Commission Encourages Migration, Says It Develops Skills, Perspective

Commission Encourages Migration, Says It Develops Skills, Perspective

Kuni Tyessi in Abuja

Worried by the growing negative public perception about the issues of migration across the globe, the Federal Government has reiterated its support to migration, saying that it should be seen as positive development, bringing new skills, energy, perspective and experiences.

Federal Commissioner, National Commission for Refugees, Migrants and Internally Displaced Persons (NCFRMI), Sadiya Umar- Farouq, stated this when the commission in partnership with Swiss Agency for Development and Cooperation (SDC) organized a two-day media capacity building workshop within the framework of Nigerian-Swiss Partnership on Migration under the project: Consolidating the Migration Coordination Architecture in Nigeria, phase2.

Declaring the workshop open, Umar- Farouq noted that a great deal of media reports erroneously criminalize migrants by linking asylum seekers, refugees and other migrants with insecurity, social-cultural and economic threats.

“In the past few years and presently, immigration issue is dominating the global political discourse and the negative narrative being construed through the mass media is burdened with fear and prejudice which makes it toxic. Migration has become associated with some adverse effect to countries which include undue pressure on local jobs, social security and services as well as lifestyles and social fabric of host communities.
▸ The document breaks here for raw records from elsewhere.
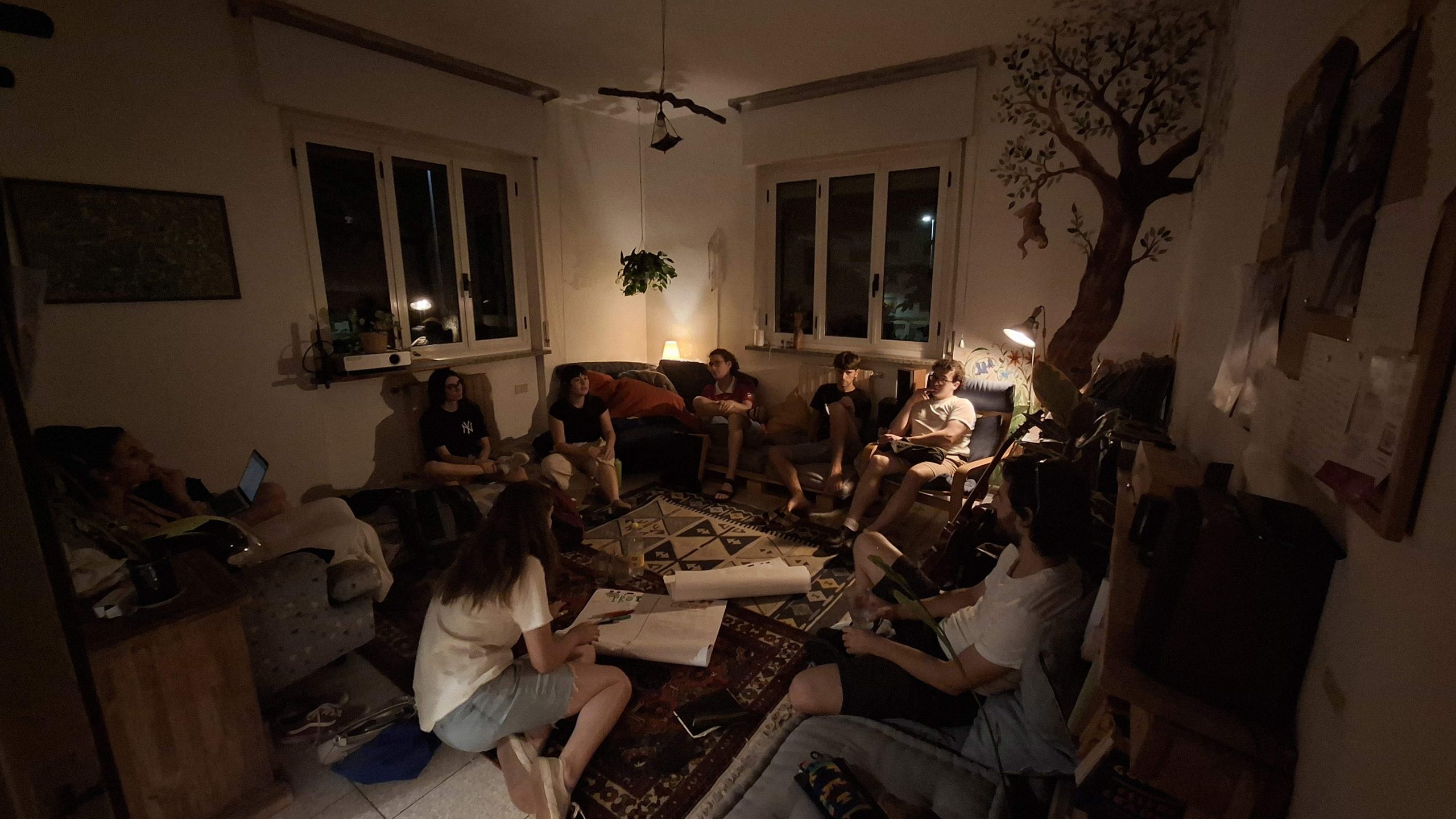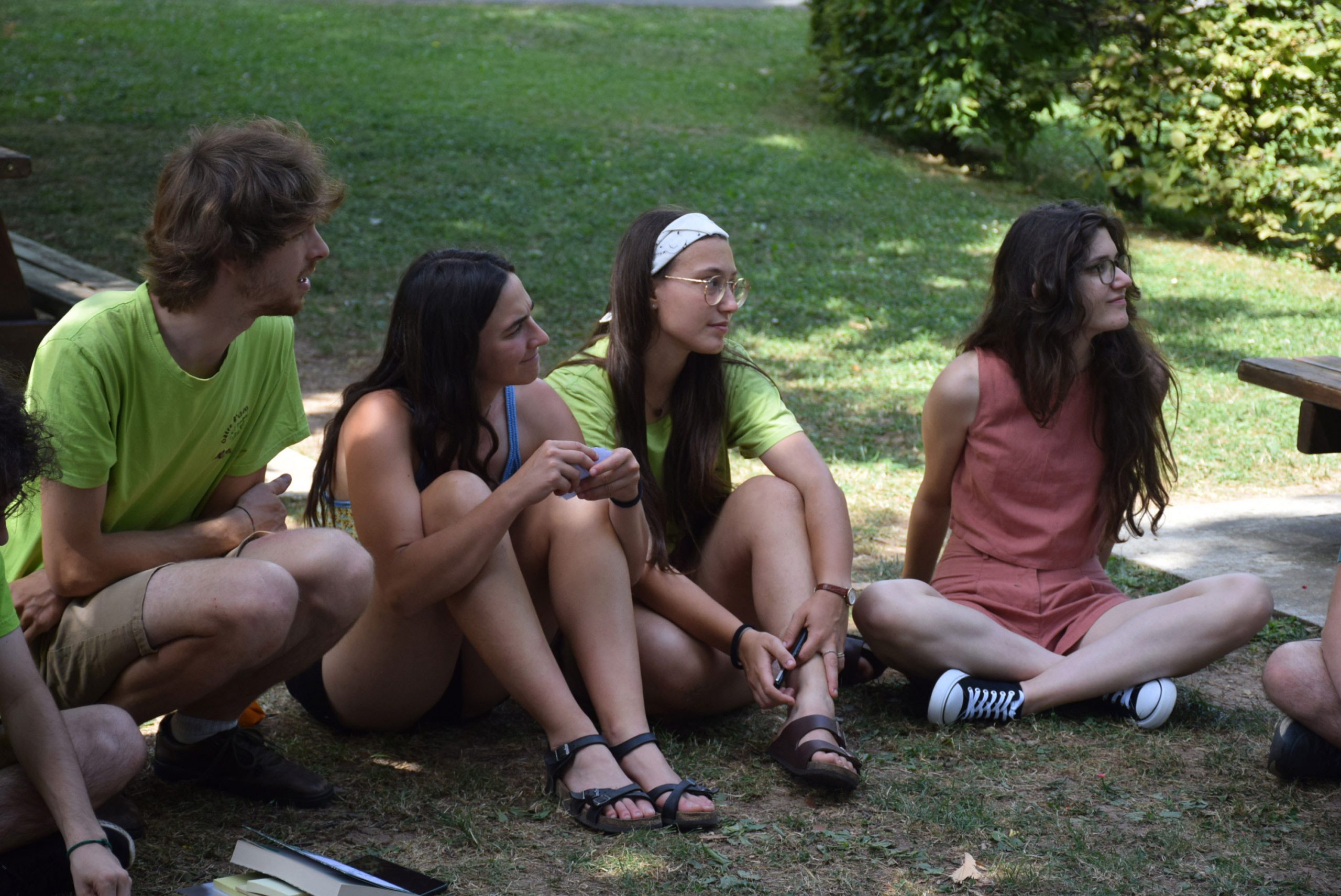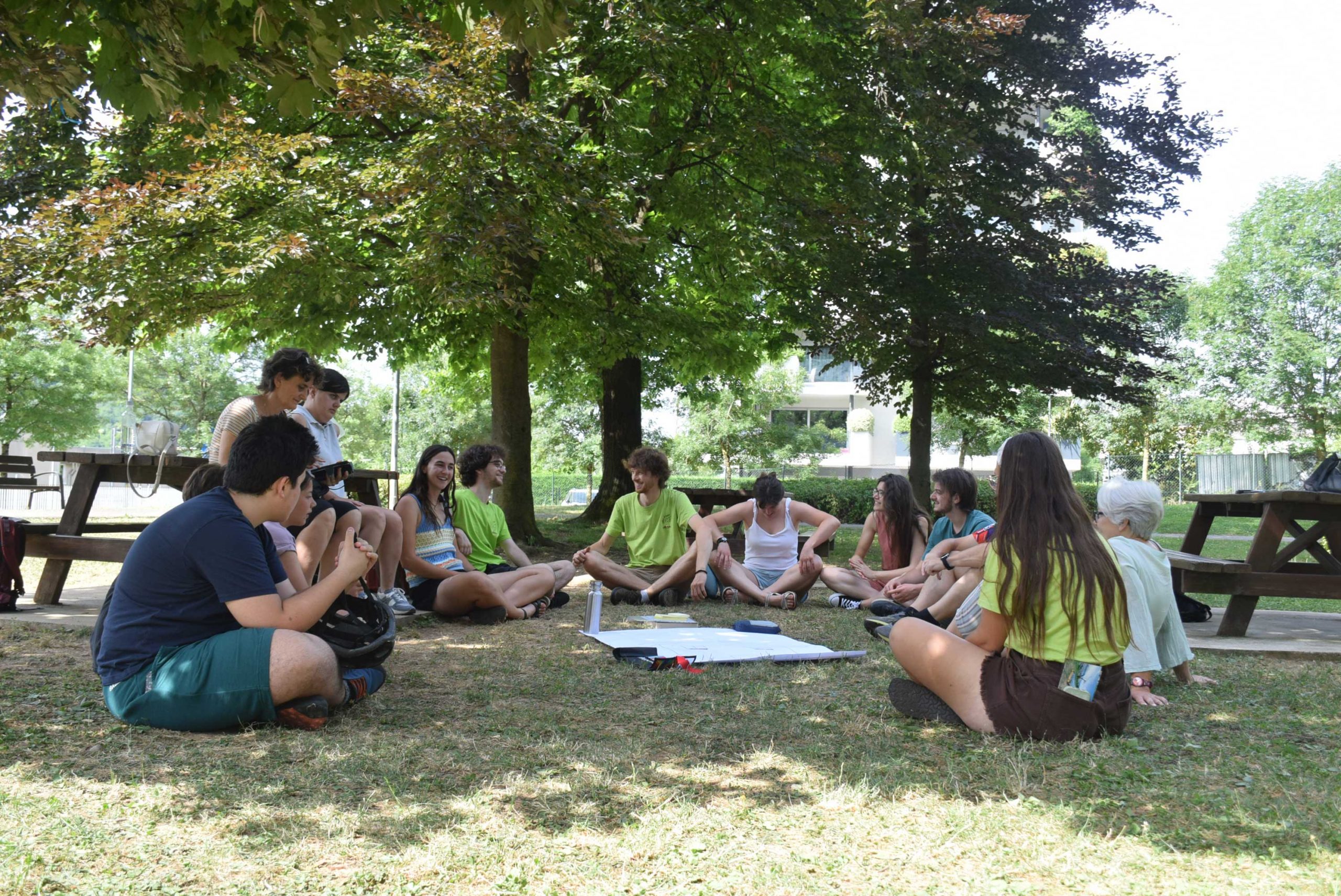 Sotto il sole cocente del primo pomeriggio hanno inizio le tavole rotonde che offrono altre occasioni per partecipare in prima persona al festival. Così, in piccoli gruppi lɜ partecipanti iniziano a condividere ciò che significa per loro abitare. Con le ACLI di Bergamo inizia una discussione sulle politiche dell’abitare a Bergamo e su come le comunità possono avere un ruolo attivo nella progettazione urbana. Con Chiara Pini si discute dell’abitare collaborativo in Italia. Il consorzio SBAM, invece, propone allɜ partecipanti di costruire insieme un condominio sociale. Infine, il gruppo WeCare e lɜ camminatorɜ di Step by Step si uniscono per un momento di restituzione delle loro rispettive esperienze, su come hanno sperimentato un nuovo modo di abitare il nostro territorio e la nostra socialità, che sia nella dimensione dell'aggregazione giovanile o nei passi sulla Via delle Sorelle.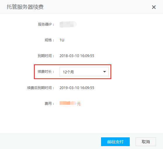 2. 选择您需要续费的托管服务器,点击续费,或进入服务器管理页的付费信息中点击续费操作。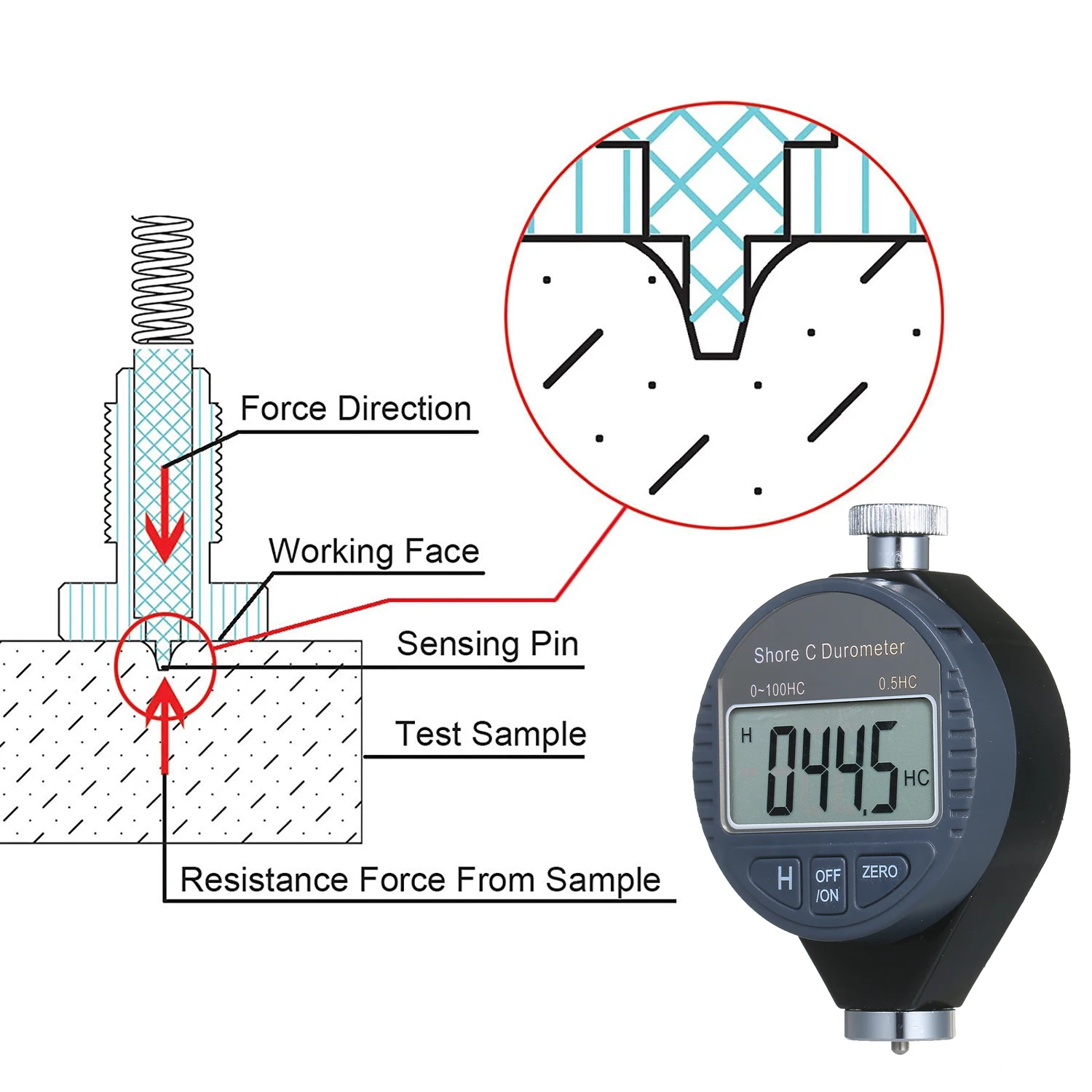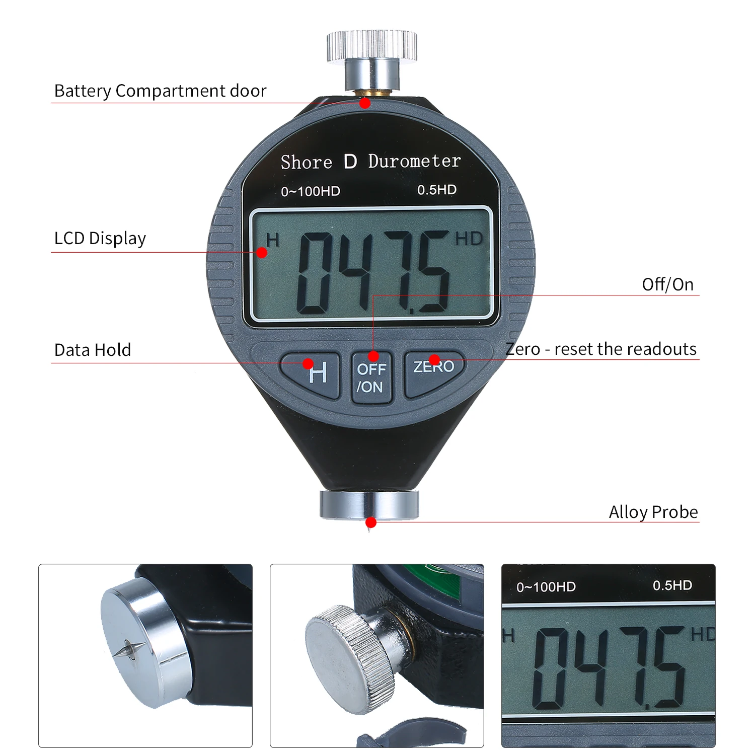 Универсальное Использование --- этот цифровой сушильный дюрометр с переключателем питания, удобно менять единицы измерения в любом положении, сброс в любом положении, очень простота в эксплуатации.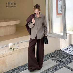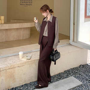 咖色复古高级感系带收腰马甲套装女2025秋季气质衬衫阔腿裤三件套

“Migration should be seen as positive development, bringing new skills, energy, perspective and experiences to their new homes,” she said.

Represented at the workshop by the Director of Migration and Refugees in the commission, Amb.Lawal Mohammed Hamidu, she said migration has been part of the history of mankind and should not be misunderstood, as, “In view of the driving forces in the intercontinental and interdependent world, migration is inevitable,” she said.

She urged the media to always speak for the migrants even as he enjoined them to educate the youth on the dangers of irregular migration and the opportunities for migration in the regular way. She also commended the SDC and indeed all development partners associated with the mandate of the commission.

The Migration Adviser, Embassy of Switzerland to Nigeria, Jolanda Pfister Herren, speaking at the workshop said migration did jump to the top of the news agenda since 2015, with journalists in Europe, Middle East and Africa, reporting the biggest mass movement of people around the world in recent history even as television screens and newspapers were filled with stories about appalling loss of lives and suffering of thousands of people escaping conflicts, war and poverty.

She stressed the need for the media to strike a balance between economic, partisan and humanitarian motivations in covering migration in an honest but less sensationalistic way.